Hang Seng Index drops amid the Alibaba, Tencent, Xiaomi sell-off 

The Hang Seng Index, which tracks some of the biggest companies in China, is continuing its sell-off today, a trend that may continue as technology stocks drop.

Alibaba stock dropped to $121 in New York, its lowest level since August 2025 and nearly 40% from its highest level in October last year.

Similarly, Tencent stock fell to $506 in Hong Kong, down by 25% from its highest point in 2025. Also, Xiaomi dropped to $34, also down by 45% from last year. Also, JD.com has remained in a bear market this year.

Alibaba and Tencent stocks have plunged leading to a $66 billion wipeout as the two biggest tech names published their earnings this week. The two juggernauts fell as the two companies failed to demonstrate how they will capitalize on artificial intelligence (AI) growth.

Analysts worry that, while AI spending is growing, investors are worried about how they will monetize it in the near term. 

Alibaba plans to spend $53 billion in capital expenditure and hinted that it hoped to make $100 billion in AI revenue in the next five years.In a note, a Bloomberg analyst said:

“The key inflection will be when companies can show that AI is driving measurable revenue uplift, whether through cloud, advertising, or transaction conversion. Until then, markets will likely stay cautious.”

Xiaomi stock price has also crashed in the past few months, erasing billions of dollars in value in the past few months as the memory chip shortage continues, leading to higher costs. There are also concerns about its electric vehicle (EV) business as competition from top companies like XPeng and Nio remains.

Other technology companies in the Hang Seng Index like Meituan and Semiconductor Manufacturing International (SMIC) have also retreated in the past few months.

Meanwhile, some notable Chinese companies have done well despite the ongoing Hang Seng Index weakness. Li Ning jumped by 11% in the last 24 hours, while Geely, Xinyi Solar, Li Auto, AIA, and BYD jumped by over 1.67% on Friday.

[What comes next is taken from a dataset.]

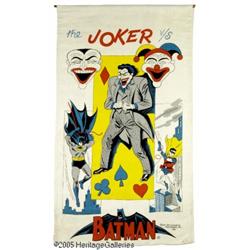 <B>Batman / Robin / Joker Canvas Banner (1966).</B></I> The Dynamic Duo flank their arch-foe the Joker on this nifty canvas banner, produced at the height of Batmania. Highly reminiscent of the work of Dick Sprang, this boasts fresh, bright colors and a crisp appearance, though some overall wrinkling and creasing is evident, as well as slight discoloration along the edges and some very small stains. The banner measures 16.5" x 29" and is in Very Good condition. A fabulous and rarely-seen collectible featuring the Clown Prince of Crime!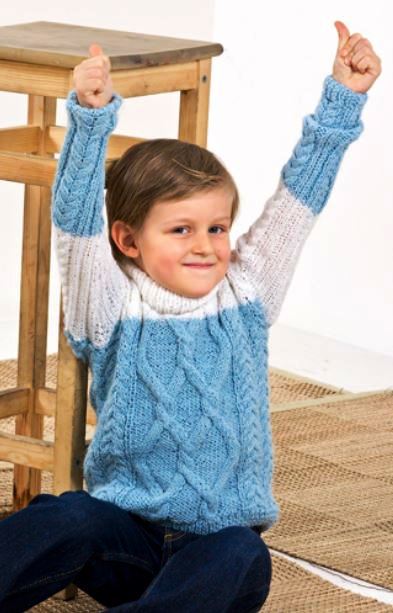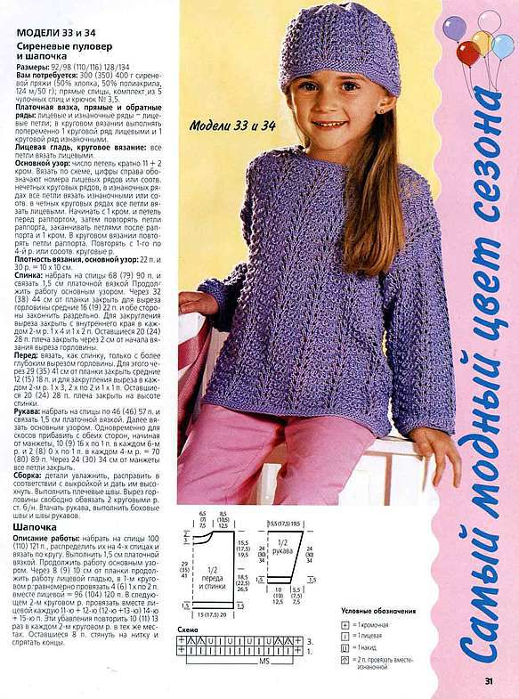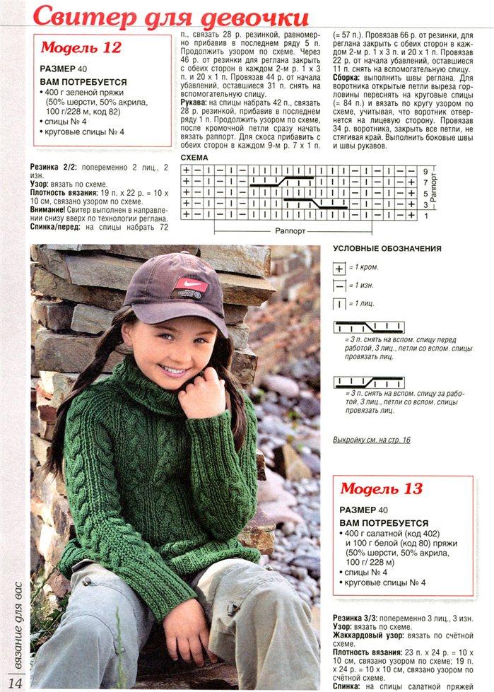 Данная модель подходит детям возраста 5-6 лет. Используемые цвета пряжи – условные. Изменив их по своему желанию, вы можете связать такую модель свитера для девочки.

Hang Seng technical analysis 

Hang Seng Index chart | Source: TradingView 

The daily timeframe chart shows that the Hang Seng Index has slumped since February this year when it peaked at $28,052 to the current $25,330.

It has now moved below the 23.6% Fibonacci Retracement level, confirming the ongoing bearish trend. 

The 50-day and 100-day Exponential Moving Averages (EMA) are about to form a bearish crossover pattern, a mini death cross pattern.

It has moved below the Ichimoku cloud indicator, while the Supertrend indicator has flipped from green to red.

The index has also formed a head-and-shoulders-like chart pattern, while the Percentage Price Oscillator (PPO) has continued falling.

Therefore, the index will likely continue falling in the near term. This crash will be confirmed if it drops below the key support level at $25,060. A move below that level will point to more downside, potentially to the 50% retracement level at $23,700.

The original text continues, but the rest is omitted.